[Goal of the exercise] Only lines with the word "från" are needed; collect each of them from the listing below.

[Provided information]
■ ■ ■
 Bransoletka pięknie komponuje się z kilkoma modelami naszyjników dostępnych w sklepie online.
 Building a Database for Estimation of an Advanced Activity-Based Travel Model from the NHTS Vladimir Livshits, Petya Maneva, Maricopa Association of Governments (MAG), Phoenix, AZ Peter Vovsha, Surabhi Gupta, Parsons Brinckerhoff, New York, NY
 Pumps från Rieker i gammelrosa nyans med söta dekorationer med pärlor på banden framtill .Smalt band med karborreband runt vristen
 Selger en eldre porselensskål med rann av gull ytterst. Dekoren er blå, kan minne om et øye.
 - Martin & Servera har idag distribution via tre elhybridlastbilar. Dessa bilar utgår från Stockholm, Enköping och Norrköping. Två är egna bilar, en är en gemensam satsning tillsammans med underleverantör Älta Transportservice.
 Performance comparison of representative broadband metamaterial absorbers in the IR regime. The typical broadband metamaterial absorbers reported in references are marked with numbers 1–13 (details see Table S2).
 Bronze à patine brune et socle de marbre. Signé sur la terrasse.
■ ■ ■
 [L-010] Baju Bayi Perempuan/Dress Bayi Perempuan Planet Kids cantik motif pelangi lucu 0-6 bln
■ ■ ■
[Task output]
 Pumps från Rieker i gammelrosa nyans med söta dekorationer med pärlor på banden framtill .Smalt band med karborreband runt vristen
 - Martin & Servera har idag distribution via tre elhybridlastbilar. Dessa bilar utgår från Stockholm, Enköping och Norrköping. Två är egna bilar, en är en gemensam satsning tillsammans med underleverantör Älta Transportservice.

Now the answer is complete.